A Simulation of possible N-glycan conformers on LAT1-4F2hc. N-glycan conformers are highlighted in dark purple. B Structural illustration of the modelled structure of LAT1-4F2hc super-dimer with possible N-glycan conformers. The 4F2hc-Asn365 and Asn424 are proximal to the super-dimer interface. The N-glycans fill the interface and mediate hydrophilic interactions between two 4F2hc subunits in the LAT1-4F2hc super-dimer. C Native mass spectra of LAT1-4F2hc WT, desialylated WT and non-glycosylated M4 mutant. The LAT1-4F2hc heterodimer and its super-dimer peaks are highlighted (blue and red, respectively). D Mass photometry analysis of LAT1-4F2hc fully sialylated WT (control), desialylated WT and sialylated WT at pH 5.0. E Bargraphs show the super-dimer/heterodimer ratios of fully sialylated WT (control), desialylated WT and sialylated WT at pH 5.0. Bars show mean ± standard deviation from three independent experiments (dots). Two tailed Student’s t-tests are performed for statistical analysis (p < 0.01 was labelled with two asterisks). Source data are provided as a Source Data file. F Surface electrostatic potential of the super-dimer interface of 4F2hc subunit at pH 7.0 and pH 5.0.

Fig. 6. Probing the endogenous LAT1-4F2hc assemblies.

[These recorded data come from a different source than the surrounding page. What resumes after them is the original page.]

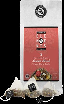 Fresh Blend Een bijzonder verfrissende en zachte blend met de kruidige smaak van verveine, citroengras, goudsbloembloesem met frisse tonen van papaja, citroen- en sinaasappelschil.
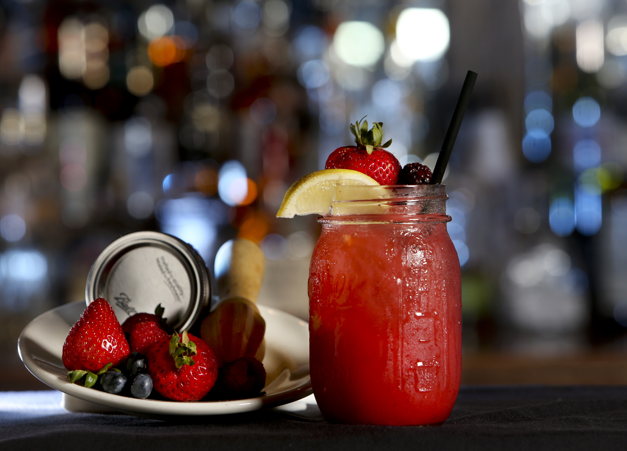 –Illustration 2nd Place: Stephanie Klein Davis/Roanoke Times–Table 50’s mixed fruit moonshine cocktail made with Virginia Lightning and local fruit from Tim Belcher at Rolling Meadows Farms in Snow Creek (Franklin County), is mixed and served in a mason jar.
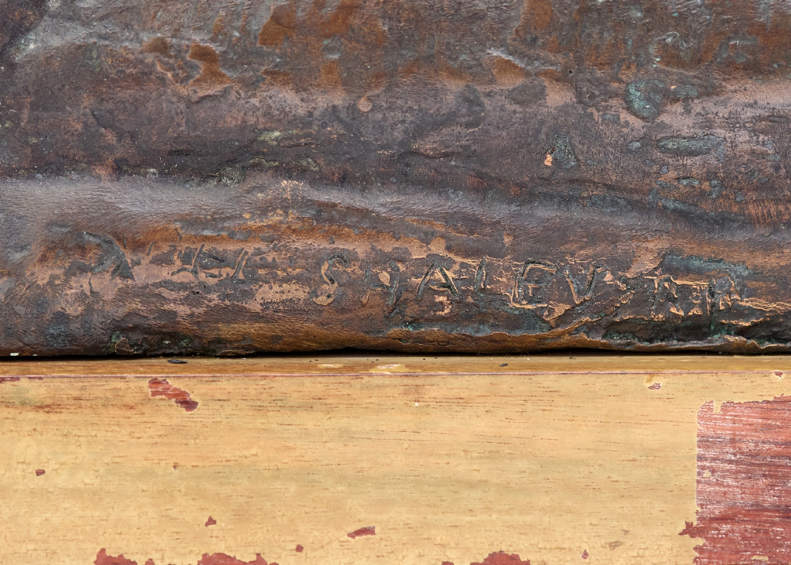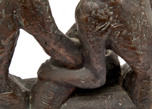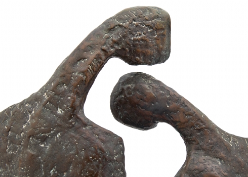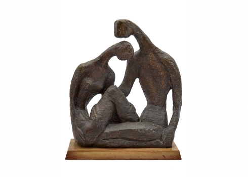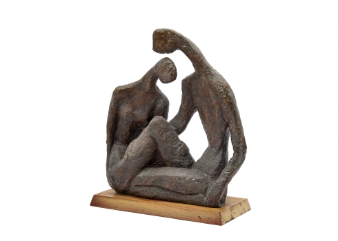 מספר הפריט בקטלוג 395יעל שלו - 'זוג אוהבים', פסל גדול עשוי ברונזה בפטינה חומה, בסיס עץ, חתום, גובה כולל בסיס: 48 ס"מ, אורך הבסיס: 40 ס"מ.

A Western blotting analysis of the in vivo crosslinked (XL) endogenous LAT1-4F2hc in HeLa cells. An anti-LAT1 antibody was used to probe the endogenous LAT1-4F2hc assemblies without BS3 (-) and with BS3 (+) treatments. The experiment was repeated once. Source data are provided as a Source Data file. B Correlation of the mRNA expression levels of 4F2hc (SLC3A2) and its associated members of the SLC7A family (SLC7A5, SLC7A6, SLC7A7, SLC7A8, SLC7A9, SLC7A10) from human tissue and cell lines. The mRNA expression levels (measured in normalized transcripts per million, nTPM) of 4F2hc and SLC7As from 50 human tissues and 1205 cell lines were plotted as a scatter plot. The linear-fit trendline is plotted as a dark blue line. The shaded areas corresponding to one and two standard deviations (σ) of the linear regression are highlighted (dark blue and light blue, respectively). Source data are provided as a Source Data file. C Expression levels of SLC3A2 and SLC7A5/6/7/8/10/11 in HeLa cell lines. Source data are provided as a Source Data file. D Western blotting of the endogenous LAT1-4F2hc assemblies in HeLa cells without and with dithiothreitol (DTT) treatment. The experiments were repeated once. Source data are provided as a Source Data file. E Model of the dynamic assemblies of LAT1-4F2hc super-dimer with highlighted key findings. The LAT1 homo-dimer and LAT1-4F2hc super-dimer structures are proposed based on AlphaFold-Multimer and homology-modelling.